Collected data:
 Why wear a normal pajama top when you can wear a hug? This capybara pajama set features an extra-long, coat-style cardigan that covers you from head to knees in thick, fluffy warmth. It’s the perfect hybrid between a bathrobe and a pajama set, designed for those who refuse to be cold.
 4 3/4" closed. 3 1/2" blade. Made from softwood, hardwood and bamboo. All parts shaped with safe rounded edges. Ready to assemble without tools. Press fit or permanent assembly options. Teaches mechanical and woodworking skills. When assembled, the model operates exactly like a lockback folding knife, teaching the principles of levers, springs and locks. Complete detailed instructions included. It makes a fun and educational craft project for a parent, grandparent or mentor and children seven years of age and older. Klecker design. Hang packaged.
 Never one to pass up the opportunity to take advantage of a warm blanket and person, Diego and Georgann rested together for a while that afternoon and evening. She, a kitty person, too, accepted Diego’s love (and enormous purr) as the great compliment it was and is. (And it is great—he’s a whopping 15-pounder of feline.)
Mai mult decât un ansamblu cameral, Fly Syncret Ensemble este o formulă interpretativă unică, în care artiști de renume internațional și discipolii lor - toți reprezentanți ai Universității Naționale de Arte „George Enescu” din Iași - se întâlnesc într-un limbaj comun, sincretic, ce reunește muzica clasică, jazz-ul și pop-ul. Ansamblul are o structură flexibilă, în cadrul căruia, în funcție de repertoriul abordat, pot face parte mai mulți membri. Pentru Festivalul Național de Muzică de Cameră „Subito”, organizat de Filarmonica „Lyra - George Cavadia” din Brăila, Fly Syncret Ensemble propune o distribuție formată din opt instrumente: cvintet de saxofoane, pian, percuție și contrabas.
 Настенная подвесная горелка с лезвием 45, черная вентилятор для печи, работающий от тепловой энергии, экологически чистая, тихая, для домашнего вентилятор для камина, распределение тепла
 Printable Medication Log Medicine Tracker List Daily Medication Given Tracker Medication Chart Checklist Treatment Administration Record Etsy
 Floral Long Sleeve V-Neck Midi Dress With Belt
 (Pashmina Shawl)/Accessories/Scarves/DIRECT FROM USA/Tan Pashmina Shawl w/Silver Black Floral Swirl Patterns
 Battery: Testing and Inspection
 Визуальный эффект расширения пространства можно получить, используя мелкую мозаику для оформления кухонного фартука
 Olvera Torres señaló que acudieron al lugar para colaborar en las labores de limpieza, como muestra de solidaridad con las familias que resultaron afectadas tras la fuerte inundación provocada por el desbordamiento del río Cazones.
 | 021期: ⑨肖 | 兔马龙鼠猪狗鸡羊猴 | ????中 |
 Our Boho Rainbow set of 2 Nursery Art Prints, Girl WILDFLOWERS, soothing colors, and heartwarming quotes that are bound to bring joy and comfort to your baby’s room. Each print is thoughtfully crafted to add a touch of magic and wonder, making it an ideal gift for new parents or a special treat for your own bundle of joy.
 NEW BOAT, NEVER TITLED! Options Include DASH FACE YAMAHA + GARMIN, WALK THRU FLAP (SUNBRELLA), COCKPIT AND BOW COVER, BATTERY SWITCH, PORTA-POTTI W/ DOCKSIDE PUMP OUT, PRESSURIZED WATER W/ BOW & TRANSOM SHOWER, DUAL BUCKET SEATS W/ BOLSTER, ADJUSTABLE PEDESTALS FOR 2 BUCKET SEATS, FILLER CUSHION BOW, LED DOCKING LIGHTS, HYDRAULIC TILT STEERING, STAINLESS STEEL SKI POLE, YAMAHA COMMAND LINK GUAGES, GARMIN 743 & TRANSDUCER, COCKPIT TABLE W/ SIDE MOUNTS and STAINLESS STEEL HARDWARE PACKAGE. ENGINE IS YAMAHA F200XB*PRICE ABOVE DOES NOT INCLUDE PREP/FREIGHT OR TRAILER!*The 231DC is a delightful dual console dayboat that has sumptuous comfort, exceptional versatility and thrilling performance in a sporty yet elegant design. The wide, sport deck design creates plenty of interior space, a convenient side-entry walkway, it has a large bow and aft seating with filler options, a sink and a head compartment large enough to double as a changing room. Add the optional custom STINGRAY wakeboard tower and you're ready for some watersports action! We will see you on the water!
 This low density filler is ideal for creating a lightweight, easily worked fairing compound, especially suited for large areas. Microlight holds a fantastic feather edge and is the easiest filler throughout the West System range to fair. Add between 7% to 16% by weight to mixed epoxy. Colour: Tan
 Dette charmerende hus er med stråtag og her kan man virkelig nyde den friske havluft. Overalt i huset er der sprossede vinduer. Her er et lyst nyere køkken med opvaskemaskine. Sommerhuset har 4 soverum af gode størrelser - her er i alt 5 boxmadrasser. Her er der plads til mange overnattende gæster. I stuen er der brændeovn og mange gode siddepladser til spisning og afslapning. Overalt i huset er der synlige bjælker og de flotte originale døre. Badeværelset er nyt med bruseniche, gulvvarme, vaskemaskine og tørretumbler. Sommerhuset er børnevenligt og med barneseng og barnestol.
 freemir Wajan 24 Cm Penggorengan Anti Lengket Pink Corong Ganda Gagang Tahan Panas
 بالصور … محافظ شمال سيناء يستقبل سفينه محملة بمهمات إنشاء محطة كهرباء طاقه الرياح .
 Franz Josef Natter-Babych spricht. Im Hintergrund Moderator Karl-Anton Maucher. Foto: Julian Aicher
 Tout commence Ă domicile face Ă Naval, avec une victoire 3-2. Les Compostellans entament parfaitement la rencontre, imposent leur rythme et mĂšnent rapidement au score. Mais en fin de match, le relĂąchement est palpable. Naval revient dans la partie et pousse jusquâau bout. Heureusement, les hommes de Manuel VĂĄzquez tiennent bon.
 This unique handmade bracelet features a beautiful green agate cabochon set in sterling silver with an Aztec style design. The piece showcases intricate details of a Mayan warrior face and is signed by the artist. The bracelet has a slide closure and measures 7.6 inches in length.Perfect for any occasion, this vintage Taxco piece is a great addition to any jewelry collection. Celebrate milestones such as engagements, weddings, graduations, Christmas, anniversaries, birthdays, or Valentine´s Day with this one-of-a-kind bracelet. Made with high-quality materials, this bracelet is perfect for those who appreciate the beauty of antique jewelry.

- ASSIGNED TASK
Return what is listed above, exactly and completely.

- COMPLETED TASK
 Why wear a normal pajama top when you can wear a hug? This capybara pajama set features an extra-long, coat-style cardigan that covers you from head to knees in thick, fluffy warmth. It’s the perfect hybrid between a bathrobe and a pajama set, designed for those who refuse to be cold.
 4 3/4" closed. 3 1/2" blade. Made from softwood, hardwood and bamboo. All parts shaped with safe rounded edges. Ready to assemble without tools. Press fit or permanent assembly options. Teaches mechanical and woodworking skills. When assembled, the model operates exactly like a lockback folding knife, teaching the principles of levers, springs and locks. Complete detailed instructions included. It makes a fun and educational craft project for a parent, grandparent or mentor and children seven years of age and older. Klecker design. Hang packaged.
 Never one to pass up the opportunity to take advantage of a warm blanket and person, Diego and Georgann rested together for a while that afternoon and evening. She, a kitty person, too, accepted Diego’s love (and enormous purr) as the great compliment it was and is. (And it is great—he’s a whopping 15-pounder of feline.)
Mai mult decât un ansamblu cameral, Fly Syncret Ensemble este o formulă interpretativă unică, în care artiști de renume internațional și discipolii lor - toți reprezentanți ai Universității Naționale de Arte „George Enescu” din Iași - se întâlnesc într-un limbaj comun, sincretic, ce reunește muzica clasică, jazz-ul și pop-ul. Ansamblul are o structură flexibilă, în cadrul căruia, în funcție de repertoriul abordat, pot face parte mai mulți membri. Pentru Festivalul Național de Muzică de Cameră „Subito”, organizat de Filarmonica „Lyra - George Cavadia” din Brăila, Fly Syncret Ensemble propune o distribuție formată din opt instrumente: cvintet de saxofoane, pian, percuție și contrabas.
 Настенная подвесная горелка с лезвием 45, черная вентилятор для печи, работающий от тепловой энергии, экологически чистая, тихая, для домашнего вентилятор для камина, распределение тепла
 Printable Medication Log Medicine Tracker List Daily Medication Given Tracker Medication Chart Checklist Treatment Administration Record Etsy
 Floral Long Sleeve V-Neck Midi Dress With Belt
 (Pashmina Shawl)/Accessories/Scarves/DIRECT FROM USA/Tan Pashmina Shawl w/Silver Black Floral Swirl Patterns
 Battery: Testing and Inspection
 Визуальный эффект расширения пространства можно получить, используя мелкую мозаику для оформления кухонного фартука
 Olvera Torres señaló que acudieron al lugar para colaborar en las labores de limpieza, como muestra de solidaridad con las familias que resultaron afectadas tras la fuerte inundación provocada por el desbordamiento del río Cazones.
 | 021期: ⑨肖 | 兔马龙鼠猪狗鸡羊猴 | ????中 |
 Our Boho Rainbow set of 2 Nursery Art Prints, Girl WILDFLOWERS, soothing colors, and heartwarming quotes that are bound to bring joy and comfort to your baby’s room. Each print is thoughtfully crafted to add a touch of magic and wonder, making it an ideal gift for new parents or a special treat for your own bundle of joy.
 NEW BOAT, NEVER TITLED! Options Include DASH FACE YAMAHA + GARMIN, WALK THRU FLAP (SUNBRELLA), COCKPIT AND BOW COVER, BATTERY SWITCH, PORTA-POTTI W/ DOCKSIDE PUMP OUT, PRESSURIZED WATER W/ BOW & TRANSOM SHOWER, DUAL BUCKET SEATS W/ BOLSTER, ADJUSTABLE PEDESTALS FOR 2 BUCKET SEATS, FILLER CUSHION BOW, LED DOCKING LIGHTS, HYDRAULIC TILT STEERING, STAINLESS STEEL SKI POLE, YAMAHA COMMAND LINK GUAGES, GARMIN 743 & TRANSDUCER, COCKPIT TABLE W/ SIDE MOUNTS and STAINLESS STEEL HARDWARE PACKAGE. ENGINE IS YAMAHA F200XB*PRICE ABOVE DOES NOT INCLUDE PREP/FREIGHT OR TRAILER!*The 231DC is a delightful dual console dayboat that has sumptuous comfort, exceptional versatility and thrilling performance in a sporty yet elegant design. The wide, sport deck design creates plenty of interior space, a convenient side-entry walkway, it has a large bow and aft seating with filler options, a sink and a head compartment large enough to double as a changing room. Add the optional custom STINGRAY wakeboard tower and you're ready for some watersports action! We will see you on the water!
 This low density filler is ideal for creating a lightweight, easily worked fairing compound, especially suited for large areas. Microlight holds a fantastic feather edge and is the easiest filler throughout the West System range to fair. Add between 7% to 16% by weight to mixed epoxy. Colour: Tan
 Dette charmerende hus er med stråtag og her kan man virkelig nyde den friske havluft. Overalt i huset er der sprossede vinduer. Her er et lyst nyere køkken med opvaskemaskine. Sommerhuset har 4 soverum af gode størrelser - her er i alt 5 boxmadrasser. Her er der plads til mange overnattende gæster. I stuen er der brændeovn og mange gode siddepladser til spisning og afslapning. Overalt i huset er der synlige bjælker og de flotte originale døre. Badeværelset er nyt med bruseniche, gulvvarme, vaskemaskine og tørretumbler. Sommerhuset er børnevenligt og med barneseng og barnestol.
 freemir Wajan 24 Cm Penggorengan Anti Lengket Pink Corong Ganda Gagang Tahan Panas
 بالصور … محافظ شمال سيناء يستقبل سفينه محملة بمهمات إنشاء محطة كهرباء طاقه الرياح .
 Franz Josef Natter-Babych spricht. Im Hintergrund Moderator Karl-Anton Maucher. Foto: Julian Aicher
 Tout commence Ă domicile face Ă Naval, avec une victoire 3-2. Les Compostellans entament parfaitement la rencontre, imposent leur rythme et mĂšnent rapidement au score. Mais en fin de match, le relĂąchement est palpable. Naval revient dans la partie et pousse jusquâau bout. Heureusement, les hommes de Manuel VĂĄzquez tiennent bon.
 This unique handmade bracelet features a beautiful green agate cabochon set in sterling silver with an Aztec style design. The piece showcases intricate details of a Mayan warrior face and is signed by the artist. The bracelet has a slide closure and measures 7.6 inches in length.Perfect for any occasion, this vintage Taxco piece is a great addition to any jewelry collection. Celebrate milestones such as engagements, weddings, graduations, Christmas, anniversaries, birthdays, or Valentine´s Day with this one-of-a-kind bracelet. Made with high-quality materials, this bracelet is perfect for those who appreciate the beauty of antique jewelry.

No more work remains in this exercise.